Material provided:
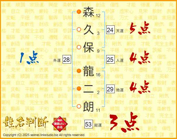 森(12画)久(3画)保(9画) 龍(16画)二(2画)朗(11画)
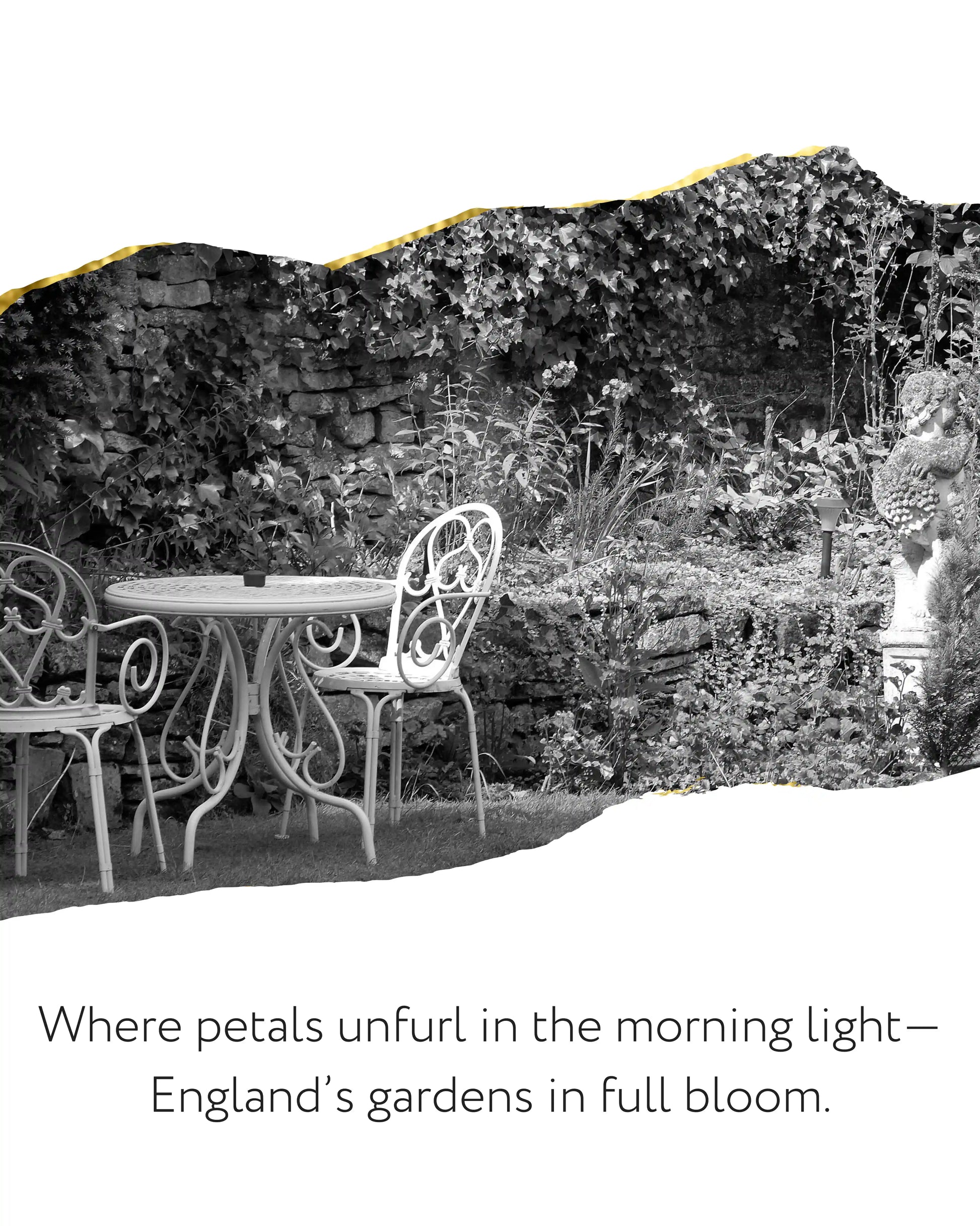 Let your mind stroll through abundant gardens, breath-taking natural tapestries of colours, shapes and forms. Lush foliage, dappled shade, delicate flowers. Beauty all around you.
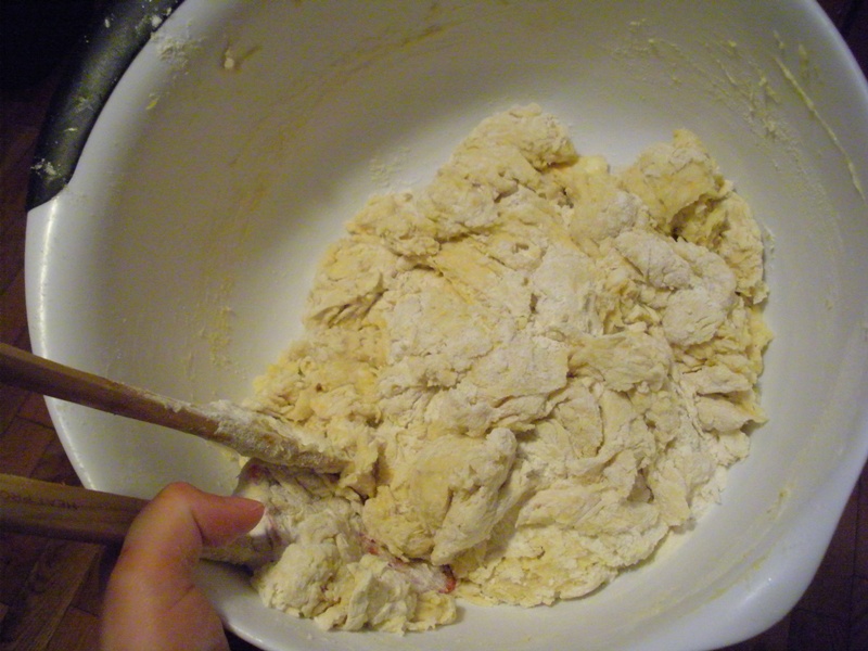 Combine the water and yeast in a large bowl. Dissolve the best you can, but it’s not very much water for dissolving that much yeast. Add the milk, shortening, sugar, orange juice and zest, salt, eggs, and three cups of flour. Stir until smooth.
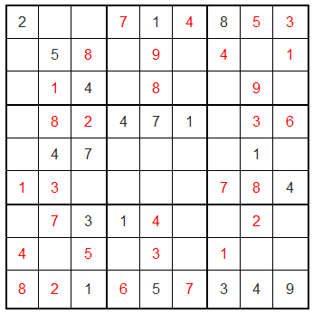 Markus Müller schrieb: > Dieter hat recht... > Ich habe die Zahlen mal alle manuell in ein Sudocu Programm eingegeben > und dann die Hilfs-Funktion anzeigen lassen. Der TE hat ja die Lösung, will sie aber zwecks Erfolgserlebenis selbst drauf kommen.
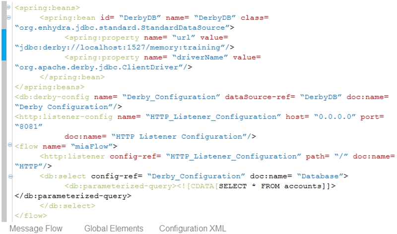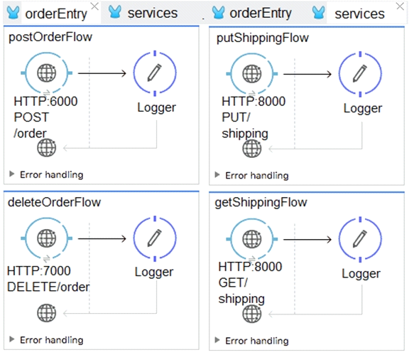 Refer to the exhibits. The two Mule configuration files belong to the same Mule project. Each HTTP Listener is configured with the same host string and the port number, path, and operation values are shown in the display names.
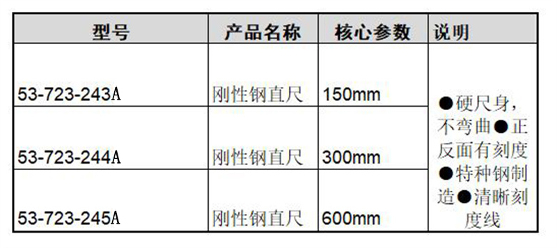 ·硬尺身,不弯曲 ·正反面有刻度 ·特种钢制造 ·清晰刻度线

Prompt: At the line containing "Refer to the", start reproducing exactly, and stop after the last line of the listing; include both ends, and leave the pictures out.

Solution for this task:
 Refer to the exhibits. The two Mule configuration files belong to the same Mule project. Each HTTP Listener is configured with the same host string and the port number, path, and operation values are shown in the display names.
 ·硬尺身,不弯曲 ·正反面有刻度 ·特种钢制造 ·清晰刻度线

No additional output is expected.